Risk managers and research analysts often struggle with developing models that would capture fair liquidity measures of fixed income and exchange-traded instruments.
The reason is that there is no unified approach; hence some banks use a parametric multi-factor approach, while others seek more simplicity.
In this article we would like to outline the key pros and cons of parametric modelling.
Parametric liquidity models can be advantageous when the analyzed instrument samples possess similar characteristics that can be considered as inputs, and hence the model can be applicable to a wide range of various security types.
The benefit is that financial engineers will not need to reinvent the model’s logic, but rather alter some imposed constraints and factor weights.
Empirical observations demonstrate that parametric modelling can generate accurate results, which makes it popular.

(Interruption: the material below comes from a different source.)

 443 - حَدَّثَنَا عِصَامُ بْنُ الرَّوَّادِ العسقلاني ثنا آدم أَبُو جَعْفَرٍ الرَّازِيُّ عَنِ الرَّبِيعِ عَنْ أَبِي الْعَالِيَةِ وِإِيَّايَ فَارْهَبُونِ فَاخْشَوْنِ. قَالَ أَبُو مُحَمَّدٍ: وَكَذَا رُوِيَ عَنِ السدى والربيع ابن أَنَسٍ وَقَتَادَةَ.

On the other hand parametric models require constant recalibration.
It is a common practice to use principal component analysis (PCA) to determine the weighting coefficients so that the models would fit a given snapshot of market microstructure or conditions.

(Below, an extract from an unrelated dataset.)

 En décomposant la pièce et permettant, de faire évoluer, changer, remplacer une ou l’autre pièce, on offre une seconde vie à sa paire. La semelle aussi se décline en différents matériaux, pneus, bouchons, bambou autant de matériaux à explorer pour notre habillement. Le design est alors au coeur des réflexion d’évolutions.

But such recalibrations can be good enough for a certain time period or a particular situation and be inefficient in the long run.
The embedded constraints can impose biases that will distort the output data.
Therefore it is sometimes beneficial to implement simple single-factor models.
Since there is a finite number of liquidity characteristics it could be feasible to select 1 – 2 elements in the model design, such as bid/ask spreads and daily volumes to generate acceptable results. We provide an example of results generated by such a simple model (bubble size corresponds to bond modified duration). We can see that the regression line demonstrates a fairly strong relationship between the bid/ask spread and liquidity scores.